• ENTRIES PROVIDED:
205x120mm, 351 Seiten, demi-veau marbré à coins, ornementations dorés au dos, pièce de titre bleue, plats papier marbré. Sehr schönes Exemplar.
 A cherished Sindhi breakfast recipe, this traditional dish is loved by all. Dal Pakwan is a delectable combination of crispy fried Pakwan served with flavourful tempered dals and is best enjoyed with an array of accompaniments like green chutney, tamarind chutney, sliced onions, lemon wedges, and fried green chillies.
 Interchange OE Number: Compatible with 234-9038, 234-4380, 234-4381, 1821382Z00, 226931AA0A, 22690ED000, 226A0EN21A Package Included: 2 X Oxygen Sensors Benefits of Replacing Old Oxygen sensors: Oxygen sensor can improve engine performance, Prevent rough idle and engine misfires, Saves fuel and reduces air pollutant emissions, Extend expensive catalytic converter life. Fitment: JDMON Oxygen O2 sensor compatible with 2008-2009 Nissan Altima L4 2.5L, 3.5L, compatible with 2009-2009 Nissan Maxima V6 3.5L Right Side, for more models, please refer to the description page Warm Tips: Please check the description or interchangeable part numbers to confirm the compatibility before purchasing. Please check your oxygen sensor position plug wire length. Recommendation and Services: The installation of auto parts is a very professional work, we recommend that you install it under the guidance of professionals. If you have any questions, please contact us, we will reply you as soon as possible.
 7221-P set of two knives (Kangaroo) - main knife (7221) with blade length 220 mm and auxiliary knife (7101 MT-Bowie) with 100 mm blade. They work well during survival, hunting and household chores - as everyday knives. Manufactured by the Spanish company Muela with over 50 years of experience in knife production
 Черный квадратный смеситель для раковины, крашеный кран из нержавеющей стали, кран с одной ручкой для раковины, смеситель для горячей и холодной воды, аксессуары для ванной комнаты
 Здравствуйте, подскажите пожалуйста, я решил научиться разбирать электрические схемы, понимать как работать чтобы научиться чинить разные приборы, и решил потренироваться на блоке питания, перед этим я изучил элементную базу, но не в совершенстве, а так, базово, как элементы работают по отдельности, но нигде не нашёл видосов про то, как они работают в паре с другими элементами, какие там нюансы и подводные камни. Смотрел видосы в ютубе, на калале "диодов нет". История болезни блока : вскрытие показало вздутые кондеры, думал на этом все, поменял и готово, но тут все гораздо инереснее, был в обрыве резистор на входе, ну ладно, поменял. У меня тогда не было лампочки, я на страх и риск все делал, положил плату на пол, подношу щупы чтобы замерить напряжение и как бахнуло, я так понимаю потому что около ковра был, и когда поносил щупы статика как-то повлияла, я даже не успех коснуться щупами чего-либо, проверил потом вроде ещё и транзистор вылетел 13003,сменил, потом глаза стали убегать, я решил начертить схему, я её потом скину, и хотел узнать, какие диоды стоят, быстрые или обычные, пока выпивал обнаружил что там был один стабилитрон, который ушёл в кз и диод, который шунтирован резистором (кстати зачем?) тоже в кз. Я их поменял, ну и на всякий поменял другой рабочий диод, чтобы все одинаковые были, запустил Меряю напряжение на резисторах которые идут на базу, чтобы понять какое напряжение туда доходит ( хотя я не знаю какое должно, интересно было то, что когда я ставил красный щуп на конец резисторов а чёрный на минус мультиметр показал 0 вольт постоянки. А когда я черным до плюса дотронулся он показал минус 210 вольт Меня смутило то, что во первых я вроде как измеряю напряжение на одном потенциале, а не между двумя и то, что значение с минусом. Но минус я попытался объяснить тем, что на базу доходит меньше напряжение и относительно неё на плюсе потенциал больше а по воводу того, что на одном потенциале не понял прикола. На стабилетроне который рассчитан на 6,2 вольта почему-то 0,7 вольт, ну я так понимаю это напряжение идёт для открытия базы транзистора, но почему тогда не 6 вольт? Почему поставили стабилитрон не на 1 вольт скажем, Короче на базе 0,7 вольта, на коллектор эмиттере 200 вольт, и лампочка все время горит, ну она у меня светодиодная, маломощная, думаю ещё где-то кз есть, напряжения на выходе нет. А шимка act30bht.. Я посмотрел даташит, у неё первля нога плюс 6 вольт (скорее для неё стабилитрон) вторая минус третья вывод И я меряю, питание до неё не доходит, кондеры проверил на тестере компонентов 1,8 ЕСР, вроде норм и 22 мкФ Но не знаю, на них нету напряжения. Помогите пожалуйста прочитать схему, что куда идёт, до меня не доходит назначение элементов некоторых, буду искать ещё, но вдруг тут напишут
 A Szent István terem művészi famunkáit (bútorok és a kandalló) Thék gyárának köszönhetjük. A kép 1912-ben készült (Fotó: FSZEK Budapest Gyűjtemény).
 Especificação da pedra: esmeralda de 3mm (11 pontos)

• WHAT YOU HAVE TO DO: Your task is to extract all of the records exactly.

• SOLUTION:
205x120mm, 351 Seiten, demi-veau marbré à coins, ornementations dorés au dos, pièce de titre bleue, plats papier marbré. Sehr schönes Exemplar.
 A cherished Sindhi breakfast recipe, this traditional dish is loved by all. Dal Pakwan is a delectable combination of crispy fried Pakwan served with flavourful tempered dals and is best enjoyed with an array of accompaniments like green chutney, tamarind chutney, sliced onions, lemon wedges, and fried green chillies.
 Interchange OE Number: Compatible with 234-9038, 234-4380, 234-4381, 1821382Z00, 226931AA0A, 22690ED000, 226A0EN21A Package Included: 2 X Oxygen Sensors Benefits of Replacing Old Oxygen sensors: Oxygen sensor can improve engine performance, Prevent rough idle and engine misfires, Saves fuel and reduces air pollutant emissions, Extend expensive catalytic converter life. Fitment: JDMON Oxygen O2 sensor compatible with 2008-2009 Nissan Altima L4 2.5L, 3.5L, compatible with 2009-2009 Nissan Maxima V6 3.5L Right Side, for more models, please refer to the description page Warm Tips: Please check the description or interchangeable part numbers to confirm the compatibility before purchasing. Please check your oxygen sensor position plug wire length. Recommendation and Services: The installation of auto parts is a very professional work, we recommend that you install it under the guidance of professionals. If you have any questions, please contact us, we will reply you as soon as possible.
 7221-P set of two knives (Kangaroo) - main knife (7221) with blade length 220 mm and auxiliary knife (7101 MT-Bowie) with 100 mm blade. They work well during survival, hunting and household chores - as everyday knives. Manufactured by the Spanish company Muela with over 50 years of experience in knife production
 Черный квадратный смеситель для раковины, крашеный кран из нержавеющей стали, кран с одной ручкой для раковины, смеситель для горячей и холодной воды, аксессуары для ванной комнаты
 Здравствуйте, подскажите пожалуйста, я решил научиться разбирать электрические схемы, понимать как работать чтобы научиться чинить разные приборы, и решил потренироваться на блоке питания, перед этим я изучил элементную базу, но не в совершенстве, а так, базово, как элементы работают по отдельности, но нигде не нашёл видосов про то, как они работают в паре с другими элементами, какие там нюансы и подводные камни. Смотрел видосы в ютубе, на калале "диодов нет". История болезни блока : вскрытие показало вздутые кондеры, думал на этом все, поменял и готово, но тут все гораздо инереснее, был в обрыве резистор на входе, ну ладно, поменял. У меня тогда не было лампочки, я на страх и риск все делал, положил плату на пол, подношу щупы чтобы замерить напряжение и как бахнуло, я так понимаю потому что около ковра был, и когда поносил щупы статика как-то повлияла, я даже не успех коснуться щупами чего-либо, проверил потом вроде ещё и транзистор вылетел 13003,сменил, потом глаза стали убегать, я решил начертить схему, я её потом скину, и хотел узнать, какие диоды стоят, быстрые или обычные, пока выпивал обнаружил что там был один стабилитрон, который ушёл в кз и диод, который шунтирован резистором (кстати зачем?) тоже в кз. Я их поменял, ну и на всякий поменял другой рабочий диод, чтобы все одинаковые были, запустил Меряю напряжение на резисторах которые идут на базу, чтобы понять какое напряжение туда доходит ( хотя я не знаю какое должно, интересно было то, что когда я ставил красный щуп на конец резисторов а чёрный на минус мультиметр показал 0 вольт постоянки. А когда я черным до плюса дотронулся он показал минус 210 вольт Меня смутило то, что во первых я вроде как измеряю напряжение на одном потенциале, а не между двумя и то, что значение с минусом. Но минус я попытался объяснить тем, что на базу доходит меньше напряжение и относительно неё на плюсе потенциал больше а по воводу того, что на одном потенциале не понял прикола. На стабилетроне который рассчитан на 6,2 вольта почему-то 0,7 вольт, ну я так понимаю это напряжение идёт для открытия базы транзистора, но почему тогда не 6 вольт? Почему поставили стабилитрон не на 1 вольт скажем, Короче на базе 0,7 вольта, на коллектор эмиттере 200 вольт, и лампочка все время горит, ну она у меня светодиодная, маломощная, думаю ещё где-то кз есть, напряжения на выходе нет. А шимка act30bht.. Я посмотрел даташит, у неё первля нога плюс 6 вольт (скорее для неё стабилитрон) вторая минус третья вывод И я меряю, питание до неё не доходит, кондеры проверил на тестере компонентов 1,8 ЕСР, вроде норм и 22 мкФ Но не знаю, на них нету напряжения. Помогите пожалуйста прочитать схему, что куда идёт, до меня не доходит назначение элементов некоторых, буду искать ещё, но вдруг тут напишут
 A Szent István terem művészi famunkáit (bútorok és a kandalló) Thék gyárának köszönhetjük. A kép 1912-ben készült (Fotó: FSZEK Budapest Gyűjtemény).
 Especificação da pedra: esmeralda de 3mm (11 pontos)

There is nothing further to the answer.